Stability issues

Incident Report for Hello Retail

Postmortem

Yesterday from 11.11 we had degraded performance and was down from 11.20 to 11.28.

A fault in our migration system removed an important index by mistake. This index
is related to all our products, and recreating this index overloaded a database cluster. This unfortunately cascaded down to the other services and brought them down as well. We aborted the index rebuild, and brought the system back up without the index. This meant that we were running with slightly degraded response times for the rest of the day.

In the night, during a time of lower traffic, we attempted to recreate the indexes again, to bring the performance back to normal. But unfortunately, this overloaded the cluster again. This means that the issue reoccurred in the night from 00:37 to
00:47.

The indexes have now been recreated, and we have changed the internal processes for how and when we change indexes going forward to prevent a similar issue.

We know the impact a disturbance like this has for your business, and we will do everything in our power to prevent this going forward.

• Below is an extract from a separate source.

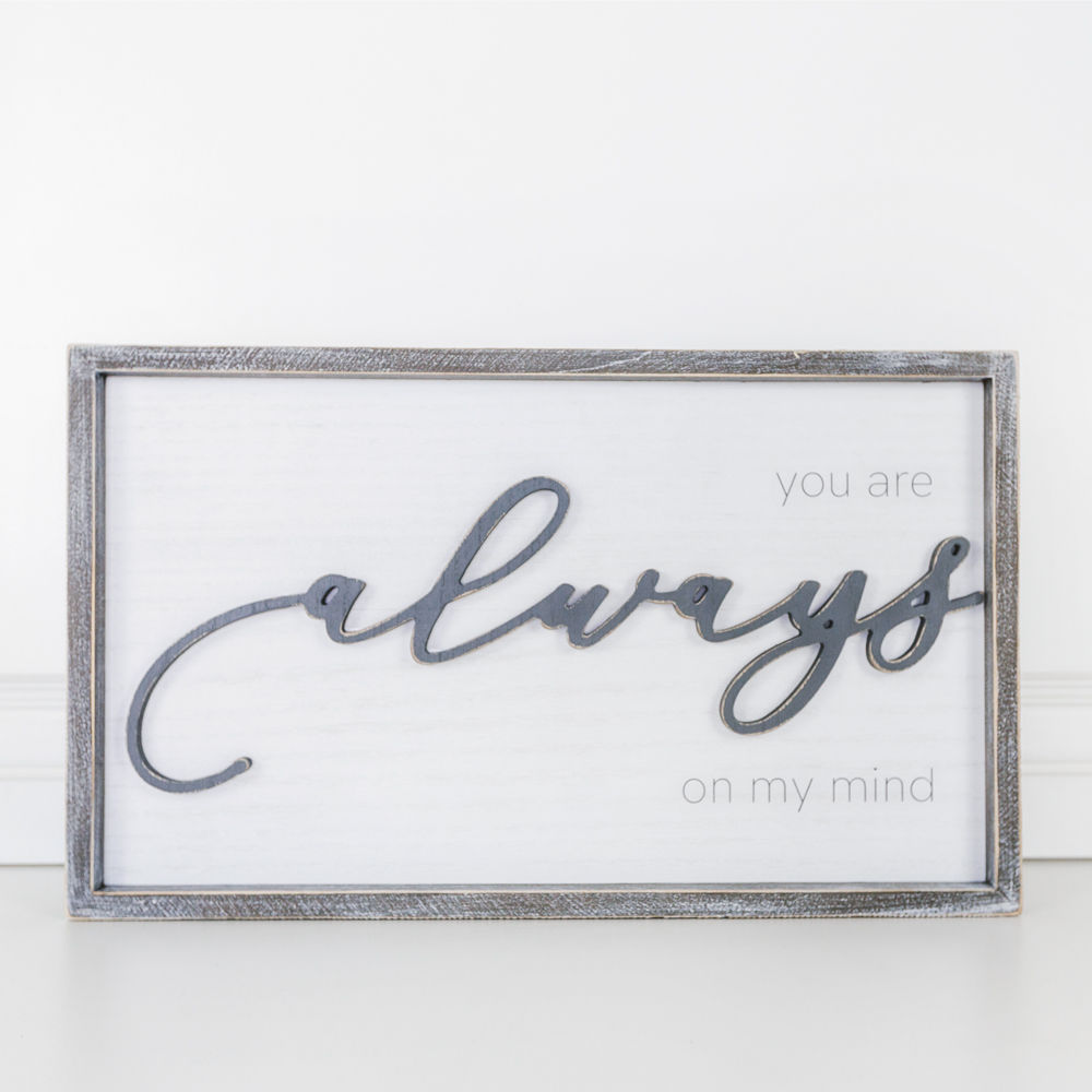 This chic wood framed sign (Product Number 10943) uses a pretty combination of white and grey colors and displays, "You Are Always On My Mind" which makes it a great medium in expressing sympathy and love to a departed loved one. It has dimensions of 20" by 12" by 1.5" and would look great hanging on your wall or standing on your desk. Designing home and holiday decors since 2002, Adams & Co has shown the world its unique style and conventional flair that can bring you any home or office theme you want to achieve.

Posted May 06, 2021 - 11:07 CEST

Resolved

A fix has been deployed, and we are running as usual.

Again, sorry for the inconvenience, we are working to prevent this from happening again.

Posted May 05, 2021 - 11:37 CEST

Investigating

We are currently experiencing issues due to an error in the deployment of a release. We will keep you posted with more updates as soon as we know more.

We are really sorry for the inconvenience.

Posted May 05, 2021 - 11:29 CEST

This incident affected: Admin dashboard, Product recommendations, Newsletter content, Search, and Triggered email.